My mother, who had coached me through spelling contests such that I was able to spell “tete a tete” at age 6, once said that you can tell if someone is really smart if they spoke straight English. Her schooling had stressed proficiency in Spanish and English as part of the curriculum. I believed her, and we spent a long time correcting my own pronunciation, making sure I never confused short “e” sounds with long “e”s, since it was this kind of easy mistake that could betray you.

I found this conviction increasingly challenged, then ultimately overturned when I realized that my friend, who graduated summa cum laude of his batch in the University of the Philippines system and who had one of the highest general weighted averages in our history, spoke slightly broken English littered with errors in subject-verb agreement. I brought this change of heart to my mother, who was broadminded enough to agree.

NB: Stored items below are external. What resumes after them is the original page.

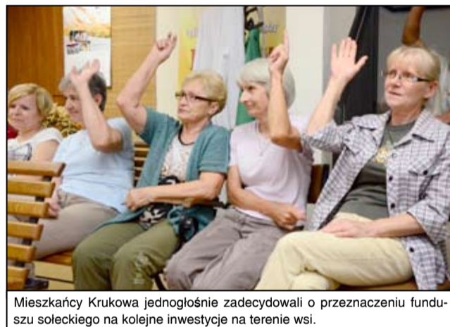
Mieszkańcy Krukowa jednogłośnie zdecydowali o przeznaczeniu funduszu sołeckiego na kolejne inwestycje na terenie wsi.

Fundusz sołecki to środki, które gmina oddaje do dyspozycji wsi. Są to środki z budżetu gminy Żarów. Ich wysokość jest ustalana corocznie i zależy od liczby mieszkańców sołectwa oraz bieżących dochodów gminy. Nie są to środki sołectwa, ale przeznaczane są dla mieszkańców wsi na poprawę warunków ich życia. - Podzieliłiśmy pieniądze na potrzeby naszej wsi. Będzie to zakup traktorka do koszenia trawy, telewizora na świetlicę wiejską, strojów dla młodzieżowego zespo-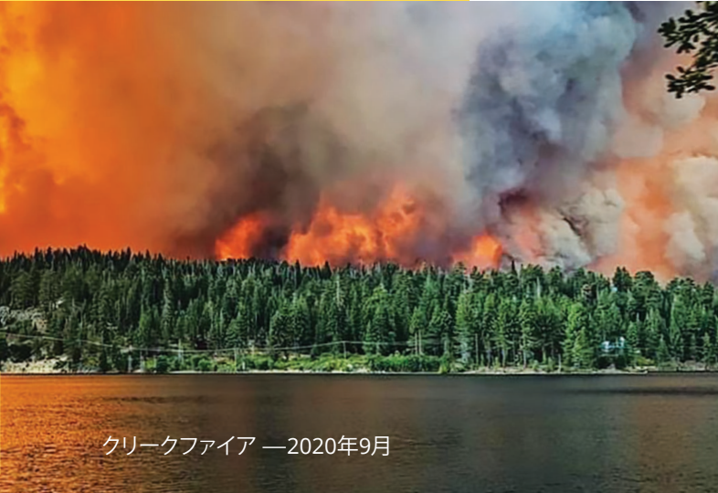
クリークファイア — 2020年9月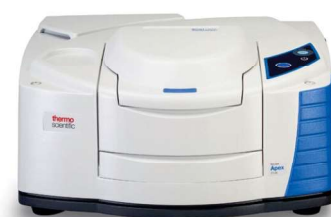
FTIR MID/ NEAR-IR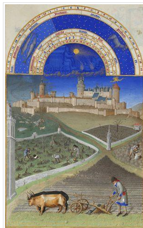
Les Très Riches Heures du duc de Berry , March: the Château de Lusignan

Categories: Former castles, palaces, and fortresses | Châteaux in France | Vienne | Official historical monuments of France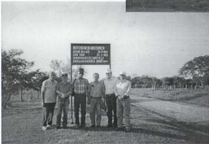
← Grupo de visitantes em Estero Bellaco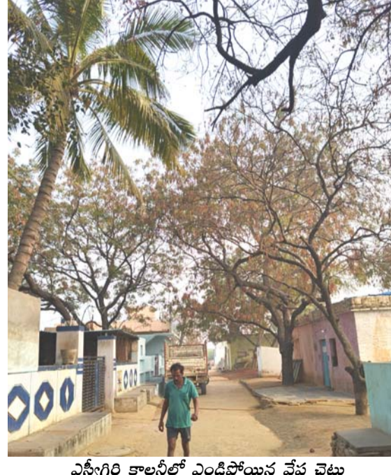
ఎన్టీఆర్ కాలనీలో ఎండిపోయిన వేప చెట్లు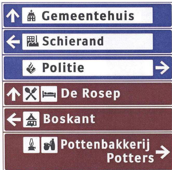
Figuur 9: Voorbeeld van gecombineerde objectbewegwijzing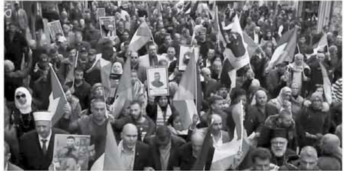
الانطباق - وكالات

والفصائل الوطنية الفلسطينية، وراسية خسارات مواجهة العدوان الأمريكي والإسرائيلي على شعبنا. وأوضح أن "شعبنا بمقاومته وصموده قاسم على أحياء جميع المقامات الرامية لتصفية القضية، ويجب أن يشتبك شعبنا مع العدو في جميع نقاط النضال، لنطمح للاحتلال بأن شعبنا لن يهرع للصفقة، ولن نستطيع أي قوة على الأرض تسريبها. وأكد إن "إخوانكم الأسرى محكم وخلفكم، في هذه الحركة، معركة الدفاع عن حقوقنا ولوائبتنا". وهاتف هنية عباس، وأكد على موقف حماس برفض صفقة القرن، مشدداً "أننا جميعاً في خندق مشترك للحفاظ على قضيتنا الفلسطينية وحقوقنا الكاملة في القدس والأقصى والدولة". وأكد أهمية الوحدة الوطنية وجهزية الحركة للشعب الفلسطيني سياسياً وحيادياً في إطار نضالنا الشعبي لقطع الطريق على هذه التوجهات الأمريكية الإسرائيلية.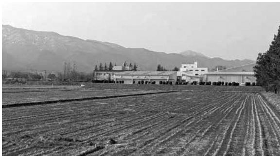
ハウス建設予定地（五十川地区）

A. 河川等の浚渫工事や支障木の撤去、田んぼダムによる貯留機能の確保や移動式排水ポンプの活用等の治水対策と並行して、デジタルツイン技術等を活用した各地区の防災力強化を推進してまいります。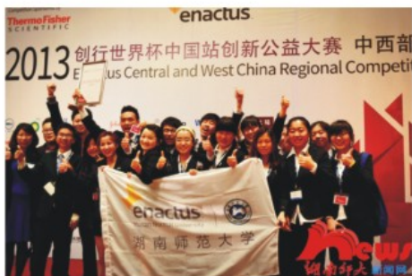
创行团队选手合影

【我校创行团队获全国三等奖】 5月16日至17日，2013创行世界杯中国站创新公益大赛在北京举行。我校创行团队以中西部区域赛小组第二名的身份参加全国赛，并荣获全国赛三等奖的佳绩。创行是一个全球性的以在校大学生为主体的商业实践社团，共涉及全球38个国家近1600所学校。我校创行团队成立于2010年10月31日，是中国最年轻的创行团队之一，现有成员42名。（梁海蛟 朱佳艳）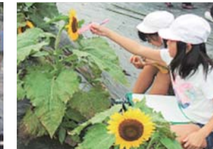
ひまわりの成長を観察する児童の様子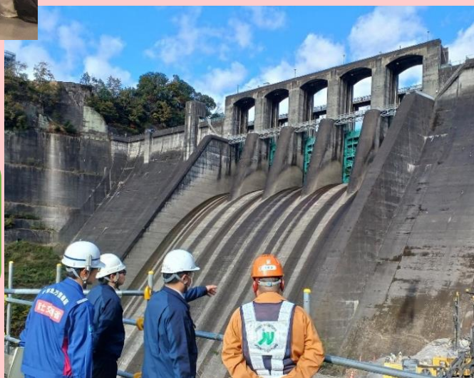
↑安全パトロールの様子

工事及び業務の発注者・ 受注者約80名が参加し、 労働基準監督署 (恵那、関、多治見) より 講話を頂いたほか、 各現場での安全対策優良事例 の発表を行いました。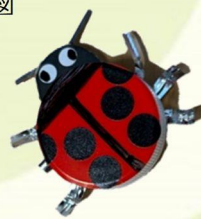
ペットボトルキャップ のてんとうむし

ゴールデンウィークのイベントに参加すると、5/5に行う千本くじの抽選券になる塗り絵がもらえるよ。たくさん集めてね。ゴールデンウィークのイベント詳細は別チラシをご覧ください

Broken or accented English, used as a joke, continues to be part of what we find funny. It was what made the stereotyped Apu, the Indian immigrant in “The Simpsons,” so memorable. Even in a culture increasingly concerned with political correctness, stereotypes persist, perpetuated by this nitpickiness with English proficiency. We know a foreign character is supposed to be sophisticated, intelligent or assimilated when they speak fluent English, devoid of a foreign accent; broken or accented English means that they are uneducated, poor, or suspect, as though English, as my mother had believed, were the one standard of supremacy. “Do you know how smart I am in Spanish?” Sofia Vergara’s Latina character says angrily in an episode of the series “Modern Family,” where her character made idiomatic mistakes like “you should try talking in my shoes for 1 mile.”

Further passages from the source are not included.